Wading through a “jumbled mass of arcane [Floridian] waterfront law,” a unanimous U.S. Supreme Court explained that sudden “avulsive” events—landscape changes caused by both natural events, such as hurricanes, and artificial events, such as state beach restoration projects—do not change the property boundary. However, Chief Justice Roberts and Justices Thomas and Alito joined the separate opinion authored by Justice Scalia that is sympathetic to the petitioner’s argument that the judiciary is no less subject to the Takings Clause than are the other branches of government.

Justice Kennedy, joined by Justice Sotomayor, wrote separately to suggest that only when the Constitution’s Due Process Clause proves “somehow inadequate” to protect landowners from the judicial elimination of their existing property rights should the questions surrounding the need for and scope of a judicial takings doctrine be addressed. However, Justice Kennedy also wrote that judicial takings claims are “inconsistent with historical practice” and laced with procedural complexities. He suggested, in the end, that formulating a judicial takings doctrine “might give more power to courts, not less.” That Justice Kennedy thoroughly denounced a judicial takings doctrine for lack of any historical, substantive, or theoretical backing makes it surprising that he left any door open to the creation of such a doctrine in the future.

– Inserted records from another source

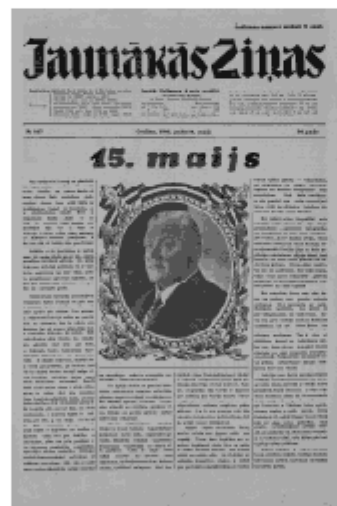
Jaunākās Ziņas Otrdiena, 14. maijs, 1940 1. lapa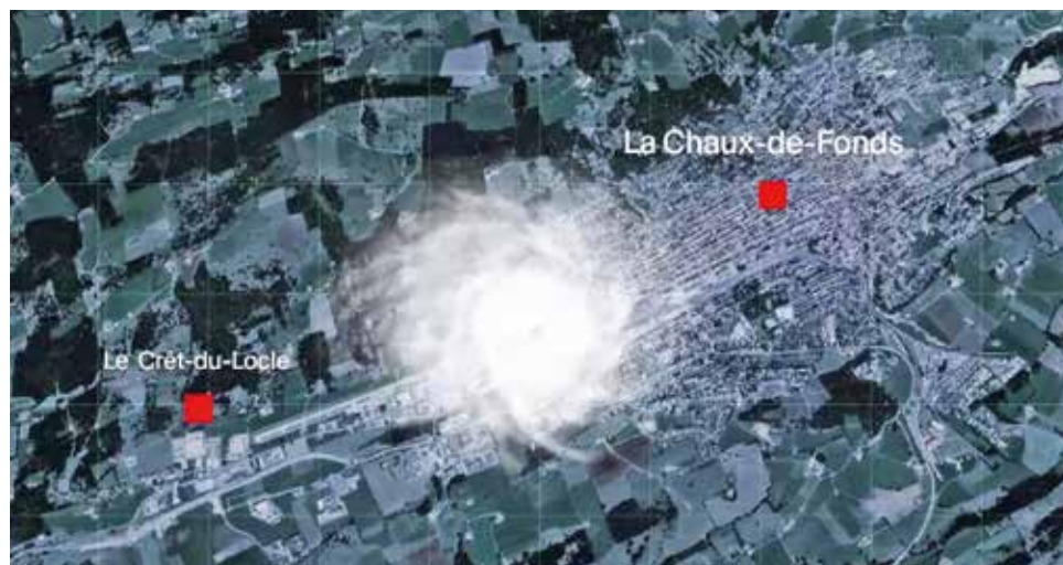
Le Ô vous dévoile cette image satellite inédite de Météo Suisse, proposée dans le documentaire de la RTS.

On constate les dégâts hors norme qui donnent une force documentaire qui s'approche au plus près de la vérité. L'approche du magazine donne l'immense privilège de prendre de la hauteur et du recul sur les événements. »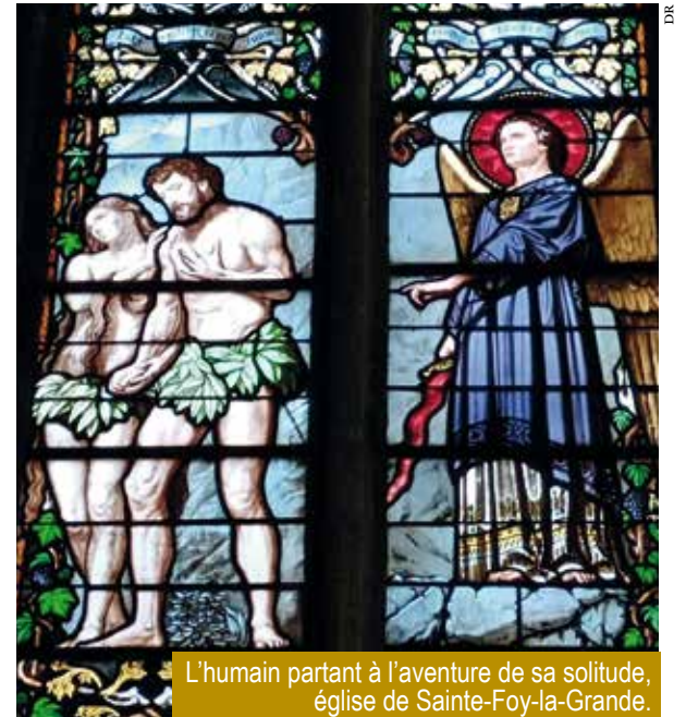
L'humain partant à l'aventure de sa solitude, église de Sainte-Foy-la-Grande.

invite chacun « à prendre sa croix et le suivre » (Mc 8, 34), Lui, « le chemin qui mène à la vérité et la vie » (Jn 14, 6). Car avant, personne ne va vers le Père sans passer par lui. Avec le Messie, le Fils de l'homme, quittant nos solitudes, nous devenons frères, et même amis de Dieu. « Je ne vous laisserai pas orphelins, je reviens vers vous » (Jn 14, 18). « Je suis avec vous tous les jours jusqu'à la fin du monde » (Mt 28, 20). « Aimez-vous les uns les autres comme je vous ai aimés » (Jn 13, 34).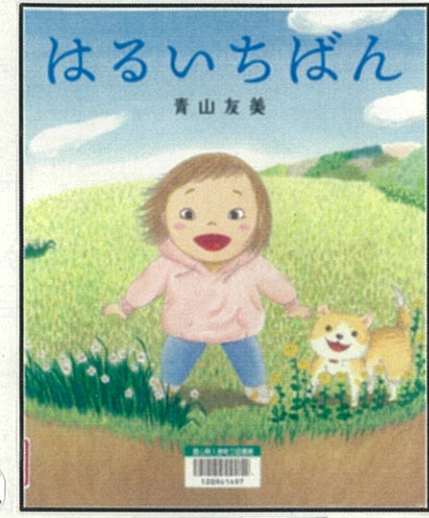
はるいちばん (青山友美 作、講談社)

みなさん!! ... おめでとうございます。 春は、あたらしい生活や、お友だち など、わくわく楽しいことがいっぱい すね!! ... 3月と4月は、としよ館でも春の絵本 をたくさんそろえて、みなさん をおまちしています。ぜひ あそびにきてね!!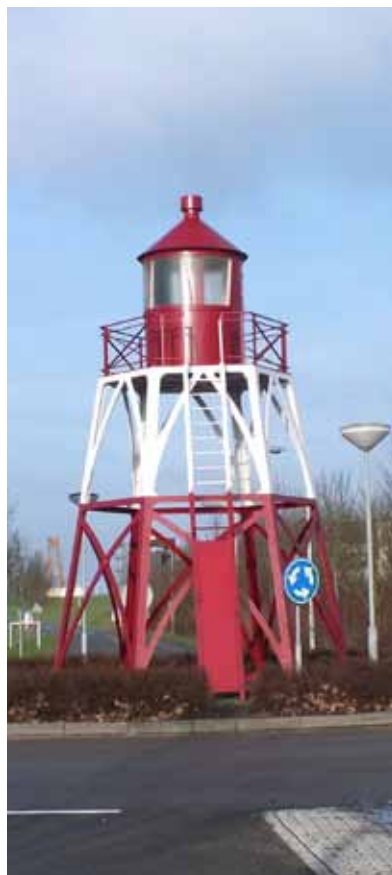
Voormalig sectorlicht De Punt op het grensgebied tussen Hansweert en Schore

Though generally expressing grave doubts about the plurality’s judicial takings standard, Justice Breyer, joined by Justice Ginsburg, concurred in the judgment but found the issue of judicial takings “better left for another day.” Justice Breyer wrote that the plurality’s failure “to set forth procedural limitations or canons of deference would create the distinct possibility that federal judges would play a major role in the shaping of a matter of significant state interest—state property law.” The next Part of this Essay seeks to articulate the judicial takings standard set forth by the plurality and the due process tenets discussed in Justice Kennedy’s concurrence, and then to compare them with the standards previously proposed by courts and commentators.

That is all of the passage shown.